Posted in Anthropology, Articles, Louisiana, Media Archive, United States on 2010-11-11 18:39Z by Steven

Cast From Their Ancestral Home, Creoles Worry About Culture’s Future

New York Times
2005-10-11

Susan Saulny, National Correspondent

NATCHITOCHES PARISH, La., Oct. 9 – It is peaceful here on the Cane River, beyond the fluffy tops of high cotton and towering magnolia trees, but it is not home. For the New Orleans Creoles living in exodus here and elsewhere around Louisiana, their city was far more than home – it was homeland, the capital of an ethnic nation unique in this country.

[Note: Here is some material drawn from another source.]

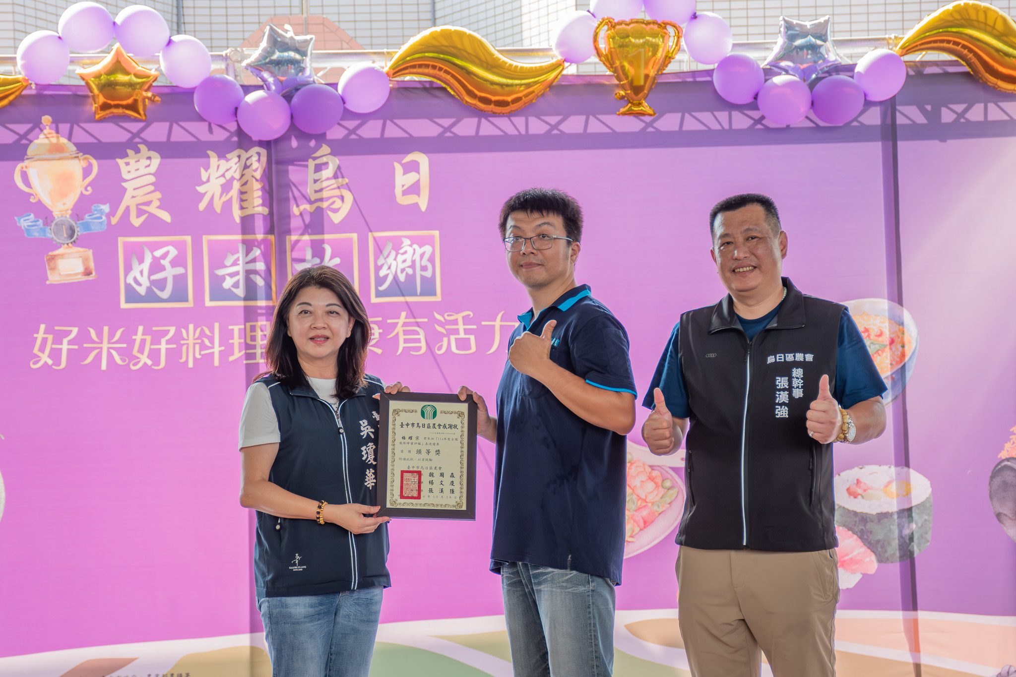 今日於活動中表揚台灣稻米達人選拔競賽、青農經營競賽、全國特色家政班競賽、四健競賽等獲獎單位,市府並感謝烏日區農會贊助台中市警政、消防單位工作辛勞,具體展現烏日區農會以實際行動深耕在地、實現公益,回饋社會的精神。

“New Orleans was our womb and for most of us, it was going to be our grave,” said Timothy Bordenave, who is living in a cottage here, a five-hour drive away from the city, describing the deep sense of lifelong connection felt to New Orleans by many of the city’s Creoles, the population of mixed-race families who trace their roots to the city’s French and Spanish colonial era…

…Many Creoles trace their roots to immigrants and slaves from the former French and Spanish colonies in the Caribbean, particularly Cuba and what is now Haiti. Historians say it was New Orleans’s position as a crossroads and port town that allowed for the easy mingling of races and nationalities that in turn gave birth, in the 18th century, to a part-European, part-Afro-Caribbean society that grew to an estimated 20,000 people in Louisiana by the mid-1800’s.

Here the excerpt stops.